Over the past few months, our team has spent a lot of time exploring the methods in the existing Fast-Trips software. The more we run the software with various examples, the more questions we had about how exactly the algorithm works as written in code (which is slightly different from published papers), so we thought we would document what the algorithm actually does in this blog post.
Let’s start with the literature.
Nguyen, S., S. Pallottino, and M. Gendreau, 1998
For any given destination, a strategy specifies a set of attractive lines for every stop and an alighting stop for every line that may be boarded when traveling toward that destination, and a hyperpathis the unique acyclic support graph of a strategy.” ( )
Khani, A., M. Hickman, and H. Noh, 2015
A hyperpath, as defined by Nguyen and Pallottino 1988, is an acyclic subnetwork with at least one link connecting the origin to the destination, and where at each node, there are probabilities for choosing the alternative links.”

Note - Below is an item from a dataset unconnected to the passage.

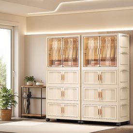 【Mr.box】68&78大面寬優雅摺疊磁吸雙開門收納櫃-附滑輪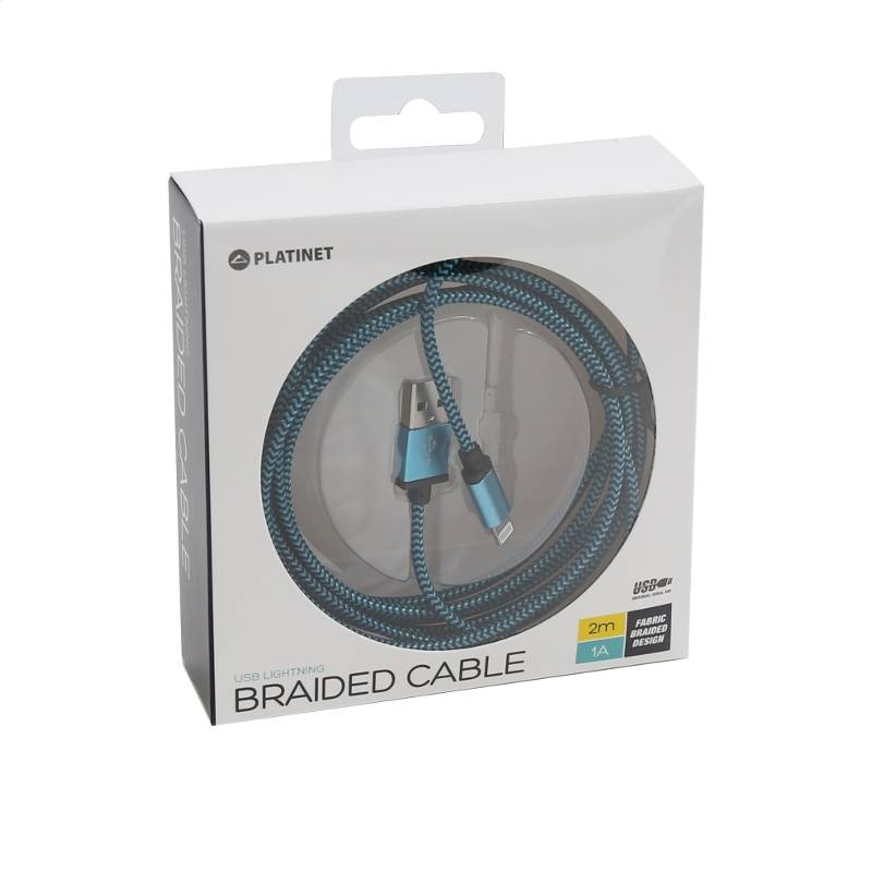 PLATINET USB LIGHTNING FABRIC BRAIDED CABLE 2M BLUE

I still find this a bit confusing, so let’s start with a visualization (based on Figure 5 from Khani et al 2015):
Some Definitions
In this graph, a preferred arrival time, or PAT, is an input to the algorithm. dt is an input parameter, specifying the maximum time window for which outgoing links from a single stop are considered a hyperlink. Hyperlinks consist of a set of links from a single origin to multiple possible destinations. In this example, two transit vehicles travel from stop1 to stop5 within the time window, and they travel at the same speed, while another vehicle travels from stop1 to stop3. Similarly, two vehicles travel from stop4 to stop5, and one vehicle travels from stop2 to stop3. Stop5 is close enough to the destination to walk, and stop1 and stop2 are both walkable from the origin. In total, this hyperpath contains five feasible paths between the origin and destination, but only three separate hyperlinks.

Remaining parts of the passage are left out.